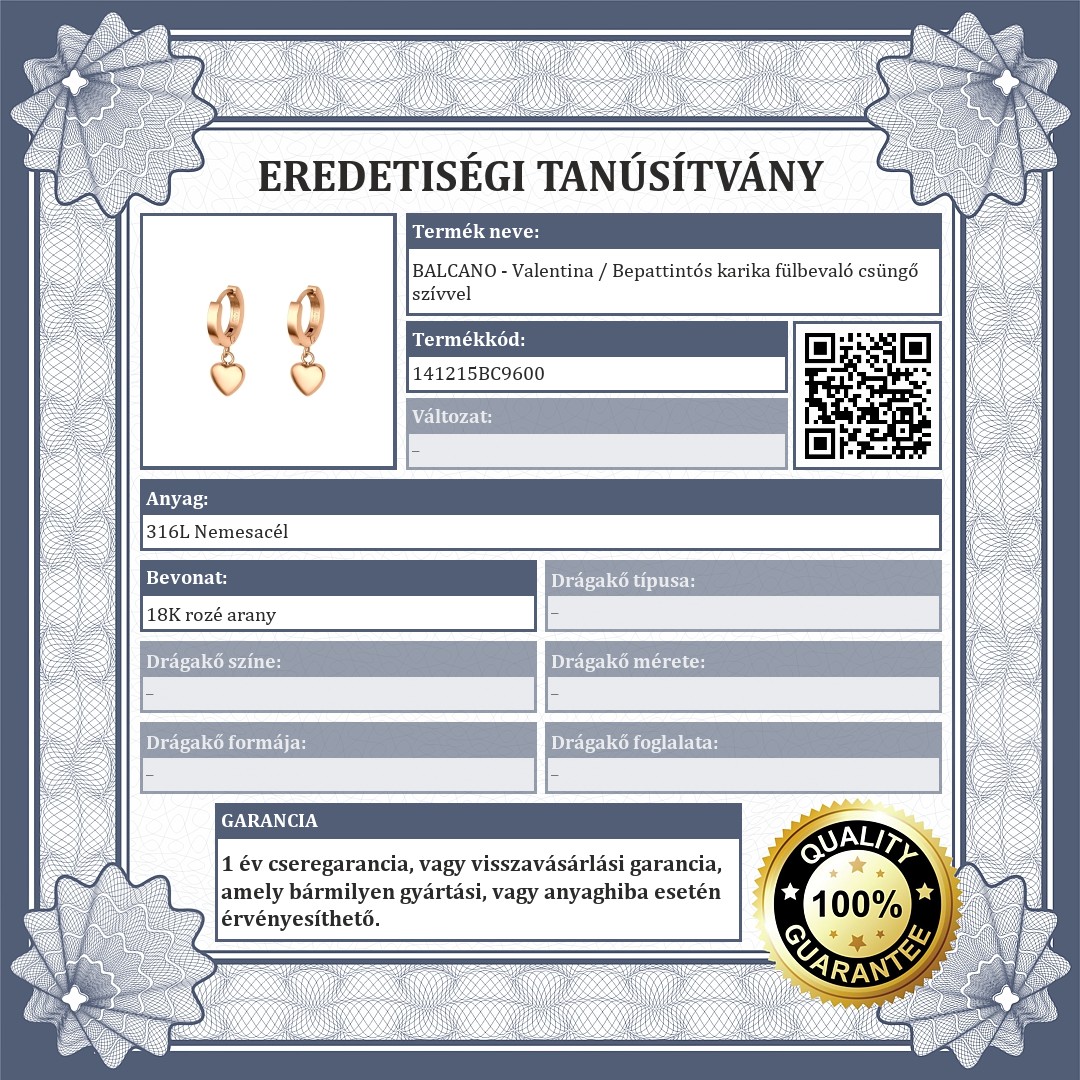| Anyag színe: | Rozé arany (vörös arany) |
....
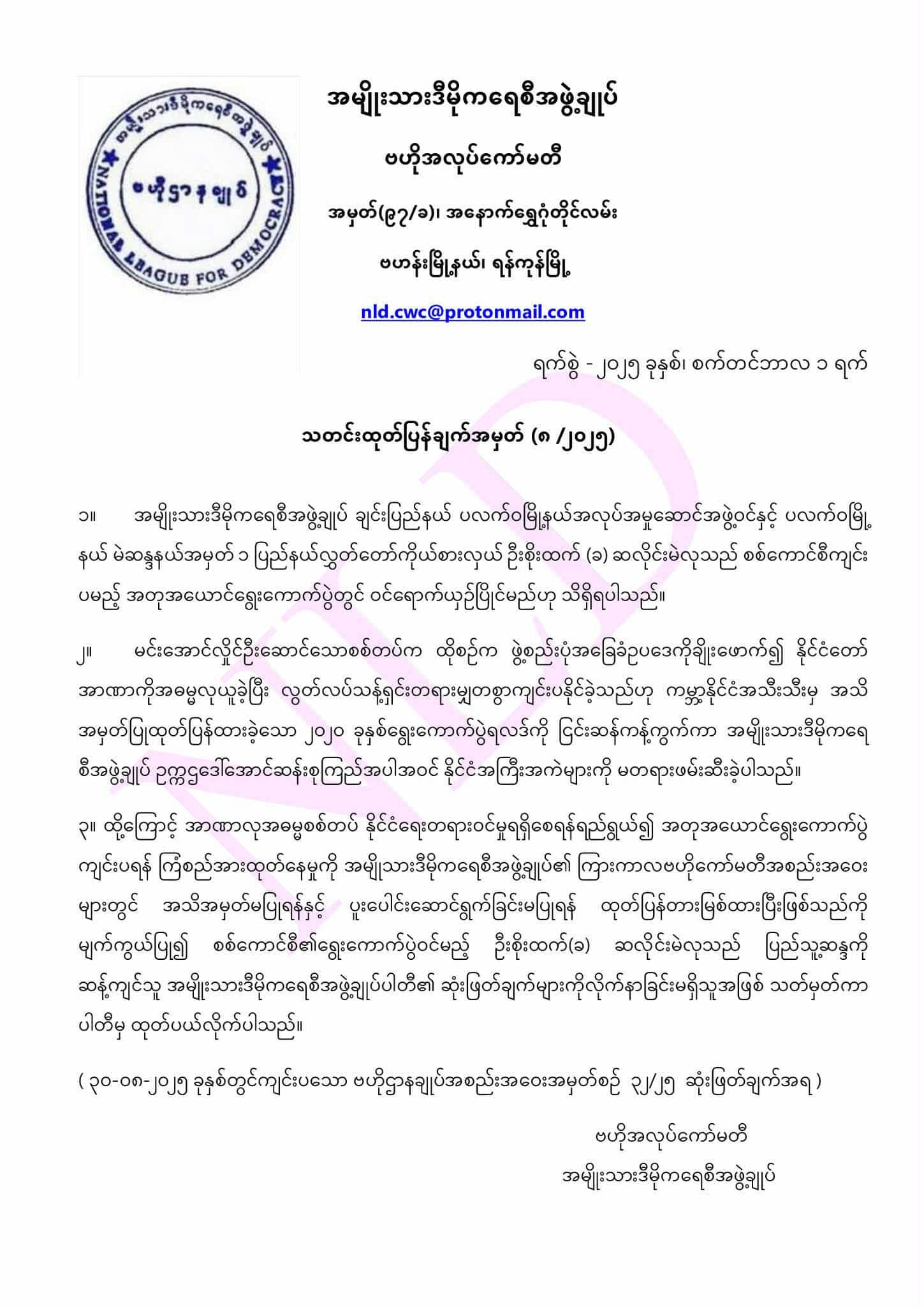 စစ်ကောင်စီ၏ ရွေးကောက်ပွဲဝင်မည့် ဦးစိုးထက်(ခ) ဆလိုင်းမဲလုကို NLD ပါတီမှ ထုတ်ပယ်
....
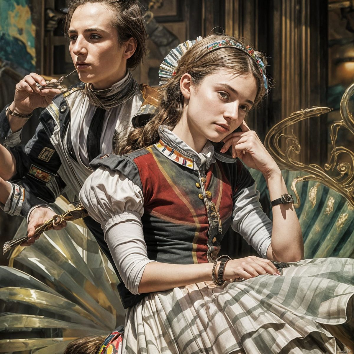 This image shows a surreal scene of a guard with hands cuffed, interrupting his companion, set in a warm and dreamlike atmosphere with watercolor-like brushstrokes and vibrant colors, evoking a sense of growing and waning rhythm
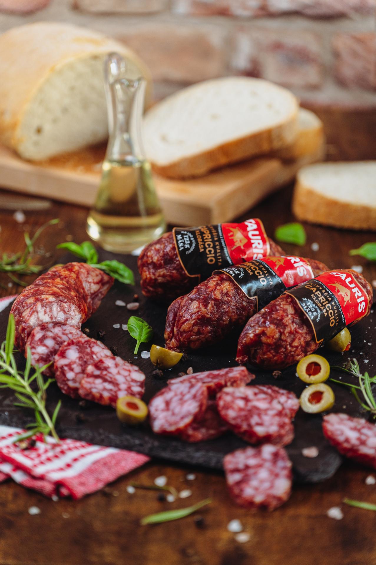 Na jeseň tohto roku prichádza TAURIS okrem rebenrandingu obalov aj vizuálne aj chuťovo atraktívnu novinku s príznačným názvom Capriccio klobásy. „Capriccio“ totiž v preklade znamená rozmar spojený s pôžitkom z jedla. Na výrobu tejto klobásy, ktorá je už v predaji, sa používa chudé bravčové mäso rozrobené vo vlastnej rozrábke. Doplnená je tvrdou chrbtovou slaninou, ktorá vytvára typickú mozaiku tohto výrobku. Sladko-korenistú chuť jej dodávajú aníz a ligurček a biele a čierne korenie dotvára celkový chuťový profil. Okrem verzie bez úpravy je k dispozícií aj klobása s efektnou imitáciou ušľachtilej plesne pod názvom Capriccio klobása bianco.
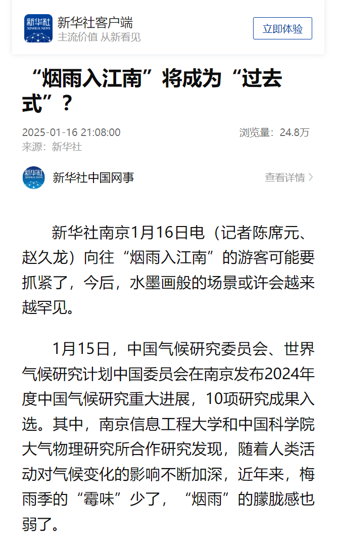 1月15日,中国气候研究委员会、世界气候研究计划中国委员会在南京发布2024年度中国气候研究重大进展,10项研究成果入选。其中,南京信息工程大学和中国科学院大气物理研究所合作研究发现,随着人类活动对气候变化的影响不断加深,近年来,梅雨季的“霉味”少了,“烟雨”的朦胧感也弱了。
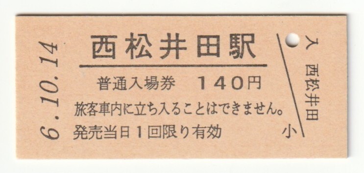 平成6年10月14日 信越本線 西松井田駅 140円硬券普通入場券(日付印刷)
....
→ EXERCISE PROMPT: Please return the material above only from the line that holds "1月15日,中国气候研究委员" through the line that holds "平成6年10月14日 信越本線 西松井田駅 140円硬券普通入場券(日付印刷)", exactly as it stands, ends included and pictures omitted.

→ ANSWER BOX:
 1月15日,中国气候研究委员会、世界气候研究计划中国委员会在南京发布2024年度中国气候研究重大进展,10项研究成果入选。其中,南京信息工程大学和中国科学院大气物理研究所合作研究发现,随着人类活动对气候变化的影响不断加深,近年来,梅雨季的“霉味”少了,“烟雨”的朦胧感也弱了。
 平成6年10月14日 信越本線 西松井田駅 140円硬券普通入場券(日付印刷)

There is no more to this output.